_Assignment_
Repeat exactly the lines of the records below, starting at the line containing "Crèmekleurige wens- affirmatiekaart.''Hey" and ending at the line containing "自分がよく使うセリフをスタンプにしてみた。(飲み会バージョン)". Leave the pictures out.

_Provided data_
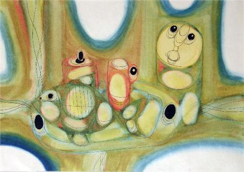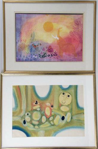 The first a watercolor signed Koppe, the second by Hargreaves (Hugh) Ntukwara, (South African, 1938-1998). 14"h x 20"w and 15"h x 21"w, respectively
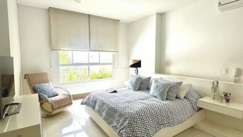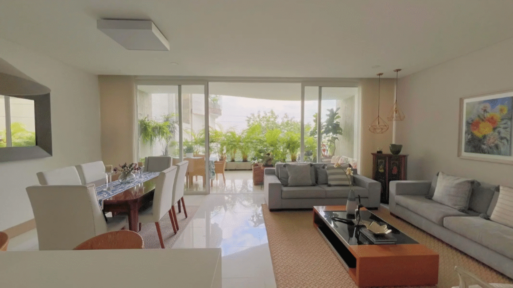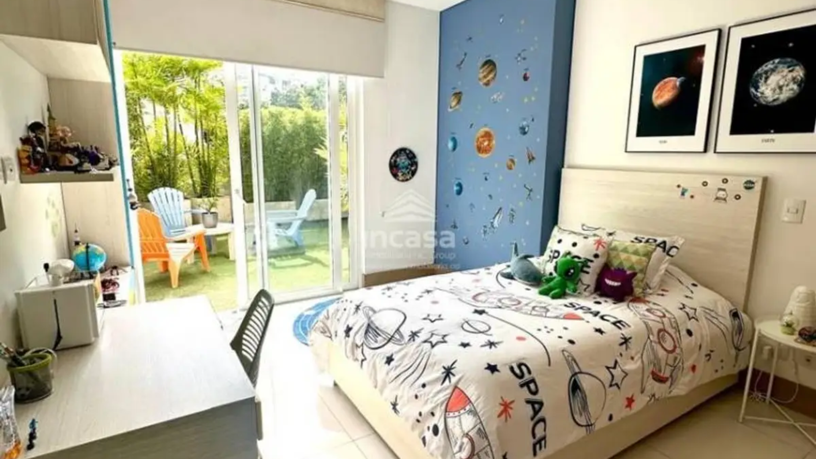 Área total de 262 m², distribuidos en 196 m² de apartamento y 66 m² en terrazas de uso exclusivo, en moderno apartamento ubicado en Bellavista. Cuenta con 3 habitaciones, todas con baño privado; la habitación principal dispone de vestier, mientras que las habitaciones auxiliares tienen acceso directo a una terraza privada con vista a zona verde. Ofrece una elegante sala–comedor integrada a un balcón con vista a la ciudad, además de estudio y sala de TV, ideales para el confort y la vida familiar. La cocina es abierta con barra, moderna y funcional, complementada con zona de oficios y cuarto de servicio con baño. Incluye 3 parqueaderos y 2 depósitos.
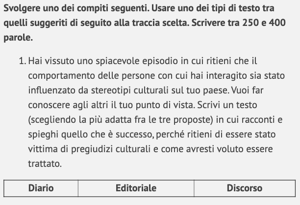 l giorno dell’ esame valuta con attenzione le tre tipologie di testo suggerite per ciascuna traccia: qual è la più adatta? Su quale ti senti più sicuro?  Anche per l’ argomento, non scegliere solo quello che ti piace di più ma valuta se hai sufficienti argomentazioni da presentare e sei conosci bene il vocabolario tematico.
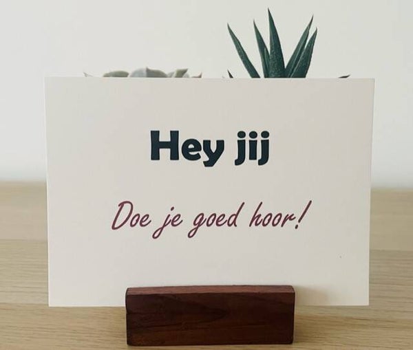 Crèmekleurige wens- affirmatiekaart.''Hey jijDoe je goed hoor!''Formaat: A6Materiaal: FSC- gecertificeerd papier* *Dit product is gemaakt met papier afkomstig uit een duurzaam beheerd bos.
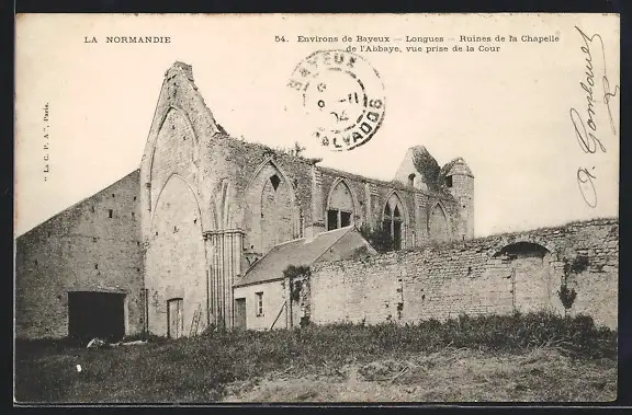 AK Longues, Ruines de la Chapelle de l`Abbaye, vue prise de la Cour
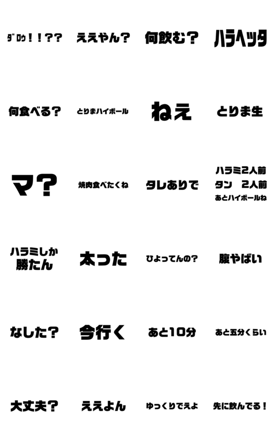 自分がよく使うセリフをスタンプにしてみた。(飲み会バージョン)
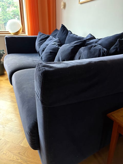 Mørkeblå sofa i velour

---

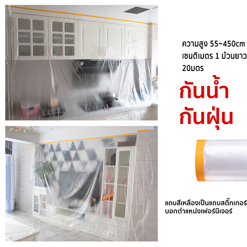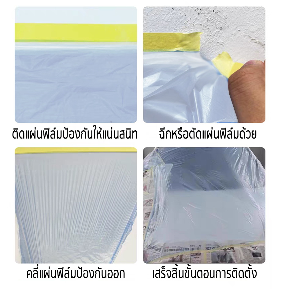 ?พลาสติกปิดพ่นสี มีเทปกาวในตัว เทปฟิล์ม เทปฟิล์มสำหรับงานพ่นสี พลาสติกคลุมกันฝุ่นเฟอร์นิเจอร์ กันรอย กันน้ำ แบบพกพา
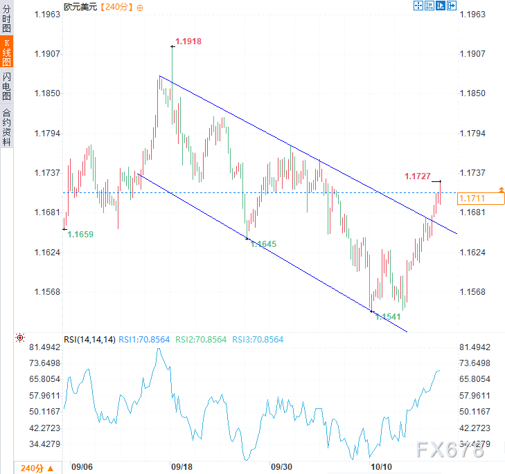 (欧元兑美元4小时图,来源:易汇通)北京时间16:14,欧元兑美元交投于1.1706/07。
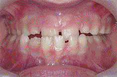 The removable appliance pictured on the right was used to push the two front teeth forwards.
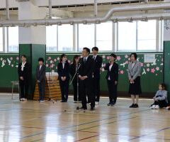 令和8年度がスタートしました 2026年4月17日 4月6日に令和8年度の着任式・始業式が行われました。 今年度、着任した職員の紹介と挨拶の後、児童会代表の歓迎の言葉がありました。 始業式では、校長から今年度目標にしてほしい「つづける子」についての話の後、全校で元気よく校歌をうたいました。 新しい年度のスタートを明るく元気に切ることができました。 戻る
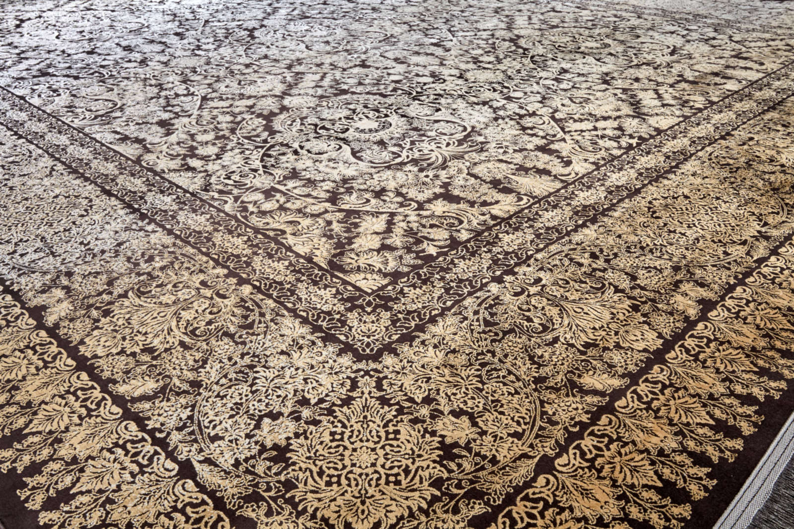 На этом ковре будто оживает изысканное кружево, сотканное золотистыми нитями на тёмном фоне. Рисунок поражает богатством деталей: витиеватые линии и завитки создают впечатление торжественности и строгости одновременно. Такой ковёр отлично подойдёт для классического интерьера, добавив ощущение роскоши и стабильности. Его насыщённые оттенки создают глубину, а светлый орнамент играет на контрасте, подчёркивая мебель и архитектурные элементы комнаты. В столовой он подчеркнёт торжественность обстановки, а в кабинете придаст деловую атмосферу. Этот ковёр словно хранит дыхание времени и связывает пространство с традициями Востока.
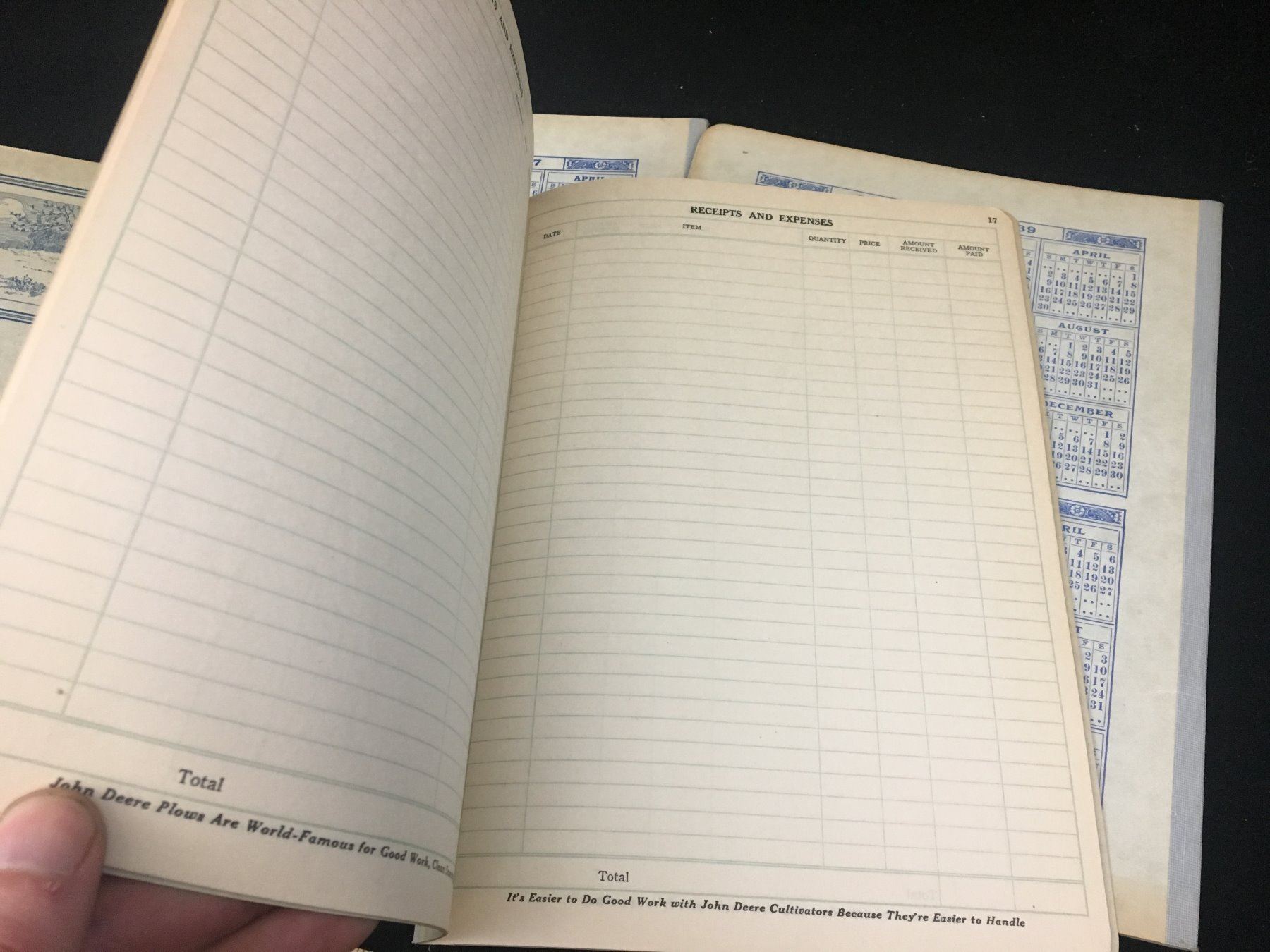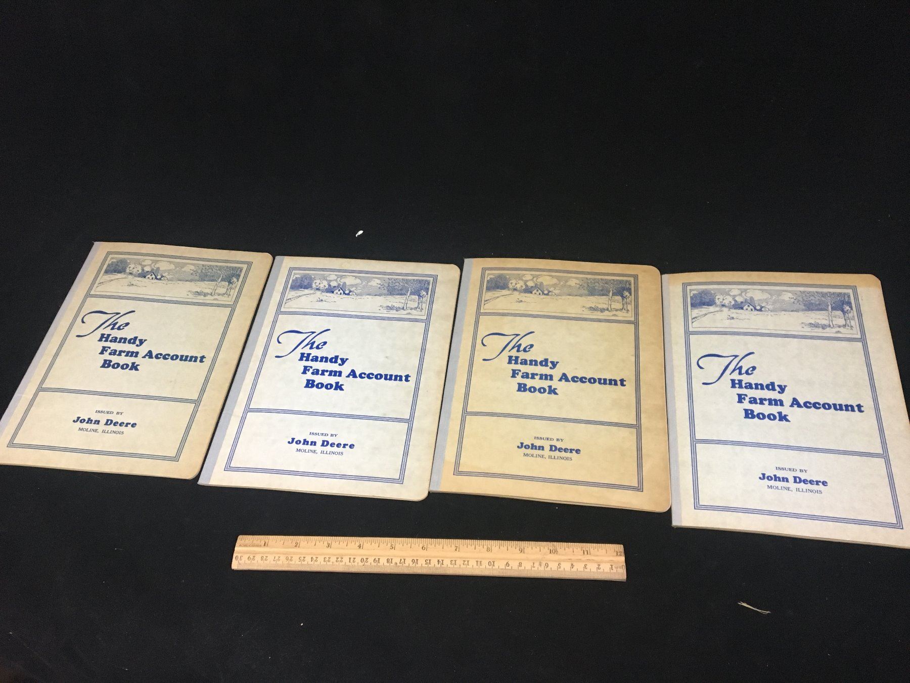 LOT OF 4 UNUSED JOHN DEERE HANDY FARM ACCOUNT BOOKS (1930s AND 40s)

_Answer area_
 Crèmekleurige wens- affirmatiekaart.''Hey jijDoe je goed hoor!''Formaat: A6Materiaal: FSC- gecertificeerd papier* *Dit product is gemaakt met papier afkomstig uit een duurzaam beheerd bos.
 AK Longues, Ruines de la Chapelle de l`Abbaye, vue prise de la Cour
 自分がよく使うセリフをスタンプにしてみた。(飲み会バージョン)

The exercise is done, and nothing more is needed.